Processing documents: 100%|██████████| 1000/1000 [00:45<00:00, 22.05it/s]
Saving embeddings to: embeddings_0_1000.parquet
...

We leverage SkyPilot’s managed jobs feature to enable parallel processing across multiple regions and cloud providers. SkyPilot handles job state management and automatic recovery from failures when using spot instances. Managed jobs are cost-efficient and streamline the processing of the partitioned dataset. You can check all the jobs by running sky jobs dashboard.

job dashboard

All generated embeddings are stored efficiently in parquet format within a cloud storage bucket.
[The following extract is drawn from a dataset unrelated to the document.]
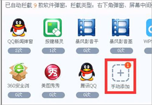 勾选全部,再点击确定,这里只会添加你自己电脑上已有的软件,这些软件都会弹窗的。手动添加有数字就是证明还有可以拦截的软件未添加;
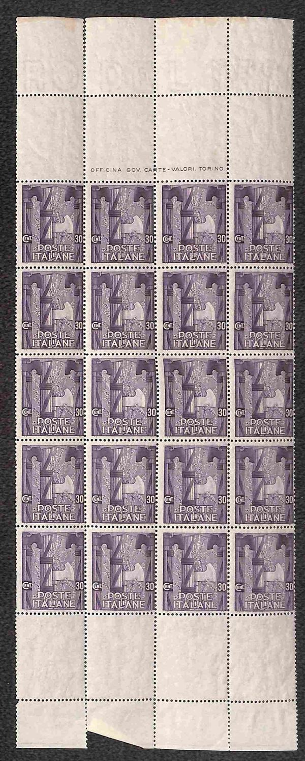 1923 - 30 cent Marcia su Roma (142) - blocco verticale (centrale del foglio) di 20 con bordi laterali e scritta marginale - gomma integra

Step 2: Build RAG with Vector Database#

After computing embeddings, construct a ChromaDB vector database for efficient similarity search:

sky launch build_rag.yaml --env EMBEDDINGS_BUCKET_NAME=$EMBEDDINGS_BUCKET_NAME --env VECTORDB_BUCKET_NAME=$VECTORDB_BUCKET_NAME

The process builds the database in batches:

Loading embeddings from: embeddings_0_1000.parquet
Adding vectors to ChromaDB: 100%|██████████| 1000/1000 [00:12<00:00, 81.97it/s]
...

Step 3: Serve the RAG#

Deploy the RAG service to handle queries and generate answers:

sky launch -c legal-rag serve_rag.yaml --env VECTORDB_BUCKET_NAME=$VECTORDB_BUCKET_NAME

Or use Sky Serve for managed deployment:

sky serve up -n legal-rag serve_rag.yaml --env VECTORDB_BUCKET_NAME=$VECTORDB_BUCKET_NAME

To query the system, get the endpoint:

sky serve status legal-rag --endpoint

You can visit the website and input your query there! A few queries to try out:

I want to break my lease. my landlord doesn’t allow me to do that. My employer has not provided the final paycheck after termination.

Disclaimer#

This document provides instruction for building a RAG system with SkyPilot. The system and its outputs should not be considered as legal advice. Please consult qualified legal professionals for any legal matters.